[Opening DATA PROVIDED section]
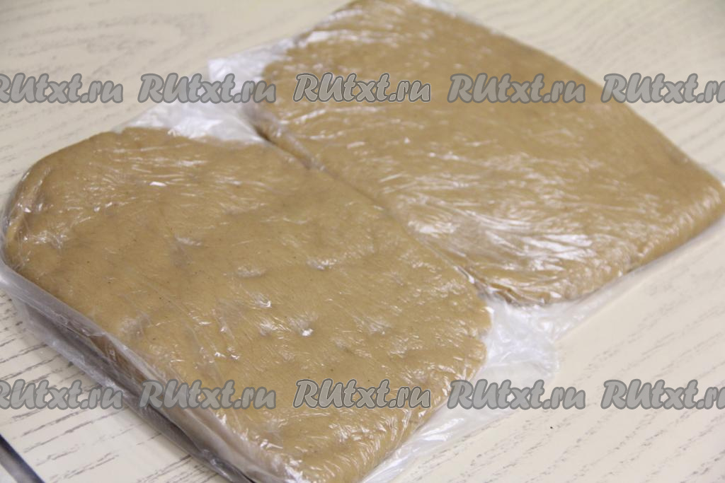 Разделить тесто на две части, поместить в целлофановые пакеты и убрать в холодильник на ночь (или минимум на 5 часов). Я сделала плоские кусочки.
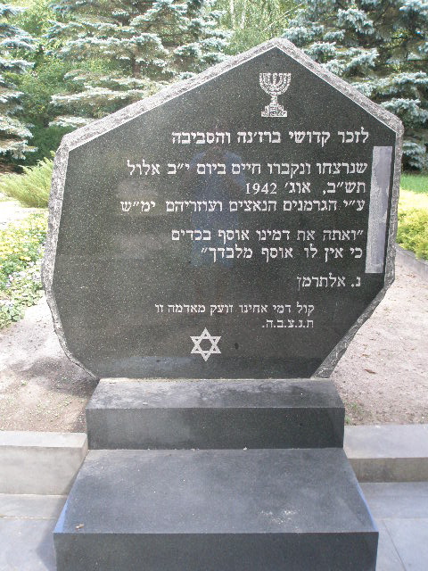 The Hebrew inscription, Berezno: "In memory of those holy martys in Berezno and its surrounding areas
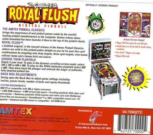 Royal Flush Digital Pinball is a simulation of the classic 1974 Gottlieb pinball game, Royal Flush. It was developed for the PC by Amtex and distributed by GT Interactive. Royal Flush Digital Pinball is set up like a basic pinball machine. The player controls two flippers on either side of the playing field and the spring loaded launch mechanism that hurls the silver ball onto the playing surface. Royal Flush Digital Pinball also allows players to nudge machine using the Z key on the keyboard.
[Closing DATA PROVIDED section]
### TASK REQUIREMENTS
Starting at the top of the listing above, please restate word for word each line up to and including the one that holds "its surrounding areas", omitting every image.

### ANSWER TO THIS PROBLEM
 Разделить тесто на две части, поместить в целлофановые пакеты и убрать в холодильник на ночь (или минимум на 5 часов). Я сделала плоские кусочки.
 The Hebrew inscription, Berezno: "In memory of those holy martys in Berezno and its surrounding areas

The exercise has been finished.